Berikut ini adalah tulisan
Ilham
Jaya Abdur Rauf, Lc, M.A., Ketua Divisi Pengkajian LPPI Perw. Indonesia Timur
Saya langsung saja masuk ke dalam poin-poin yang ada,
1. Melakukan Plagiarisme dan Manipulasi Data
semakin
lama saya banyak membaca buku-buku Jalauddin Rakhmat saya mendapati bahwa
“tokoh kita” ini melakukan plagiarisme, menjiplak karya orang lain tanpa
menyebutkan sumbernya secara tepat, sehingga seakan-akan kalau orang awam yang
membaca apalagi –mohon maaf- orang yang tidak memiliki misalnya wawasan bahasa
arab yang memadai maka ia akan menduga bahwa karya tersebut adalah orisinil
karya Jalaluddin Rakhmat. Padahal sebenarnya tidak perlu untuk menjadi
cendikiawan, cukup kita memiliki kemampuan untuk mengotak-atik dan browsing di
internet kita akan tahu bahwa sebagian di antara karya-karya Jalaluddin Rakhmat
itu diambil dari buku-buku yang sebenarnya bisa diakses secara terbuka di
internet. Begitu juga dengan manipulasi data. Makalah-makalah yang
ditulis Jalaluddin Rakhmat dalam beberapa kesempatan yang beliau datang di kota
Makassar ini, saya dapati bahwa terjadi pemutarbalikan fakta.
Sebenarnya
kalau kita mau menggunakan logika praktis. Sangat sederhana.

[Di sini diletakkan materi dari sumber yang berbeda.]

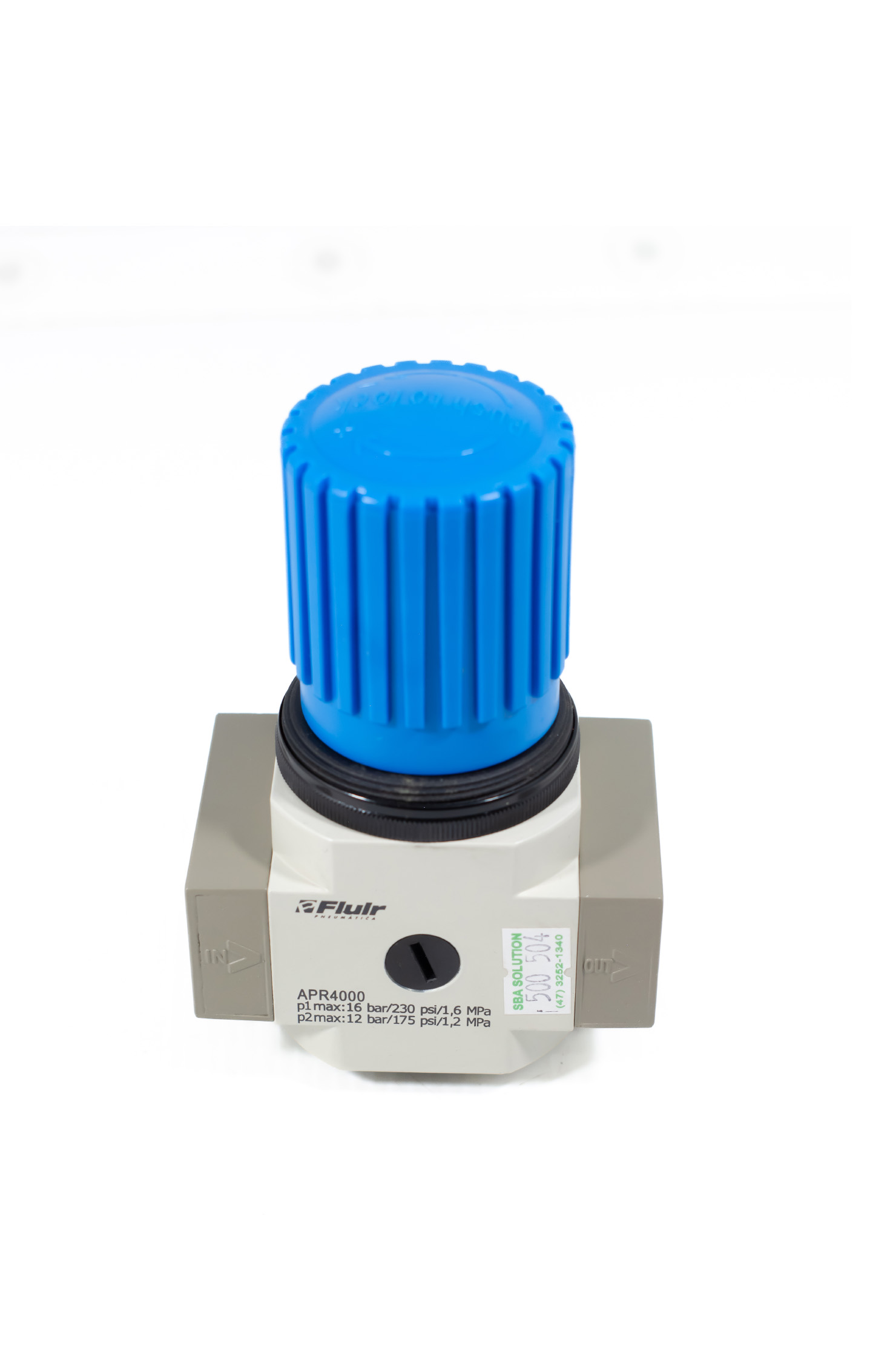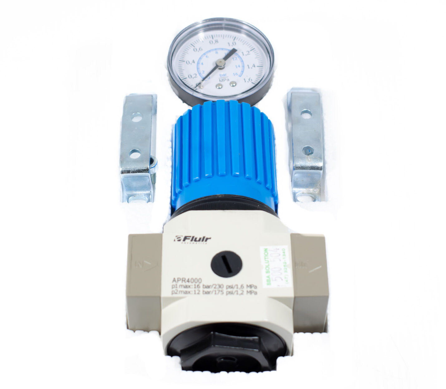 Regulador de pressão modelo APR4000, com conexão de 1/2", acompanhado de suporte e manômetro. Projetado para controlar e estabilizar a pressão do ar comprimido em sistemas pneumáticos, garantindo maior eficiência e proteção dos componentes.

Kalau dikutip dari
Ibnu Katsir, dikutip dari Imam An-Nawawi, dikutip dari Imam Al-Qurthubi,
dikutip dari Imam Ibnu Hazm yang kemudian mengangkat persoalan-persoalan atau
mengangkat argumentasi-argumentasi yang seakan-akan mendukung paham Syiah,
tentu saja pertanyaannya, kalau memang argumentasi itu benar lantas kenapa Ibnu
Katsir tidak menganut paham Syiah?, lantas mengapa Imam An-Nawawi tidak
menganut paham Syiah?, lantas kenapa Imam Bukhari tidak menganut paham Syiah?,
kalau memang argumentasi itu benar.
Di sini
saya mengungkap satu contoh saja, buku “Al Mushthafa”, buku ini ditulis oleh
Jalaluddin Rakhmat, ini saya fotocopy dan saya ambil dari internet, buku “Al
Mushthafa, Manusia Pilihan Yang Disucikan” terbit April 2010, buku ini pembaca
sekalian isinya banyak mengutip dari buku yang lain, silakan akses di
mezan.net, pembaca bisa akses, kemudian di bagian “Maktabah” akan ada buku yang
judulnya “Ash-Shahih Min Siirati An-Nabiyy Al-A’zham”, buku ini ditulis oleh
pengasuh situs tersebut, nah buku ini saya teliti, karena sebenarnya sudah lama
kami kaji, banyak di antara ide dasar serta kutipan-kutipan dari buku ini
sebenarnya diambil dari buku yang ada di dalam situs tersebut, bukan cuma
ide dasarnya, bahkan catatan kakinya, dan yang lucu adalah, kadang-kadang
pengutipan catatan kaki itu terjadi kesalahan.
Sendainya
kabel sampai pada LCD saya bisa tunjukkan, karena buku ini berbentuk PDF jadi
tidak bisa diubah-ubah.
Kutipan
yang sama, cerita yang sama, dari buku yang sama, tapi keliru dalam menulis
catatan kaki, pada penulisan halamannya, bukunya sama, nah, halaman dari buku
tersebut keliru dalam pengutipannya, ya mungkin buru-buru karena ingin segera
dicetak, dalam buku Ash-Shahih, jilid 1, hal 29, disitu tertulis “Bahwasanya
Amr bin Ash tidak rela ketika ada seorang Nasrani dipukul karena mencela Nabi”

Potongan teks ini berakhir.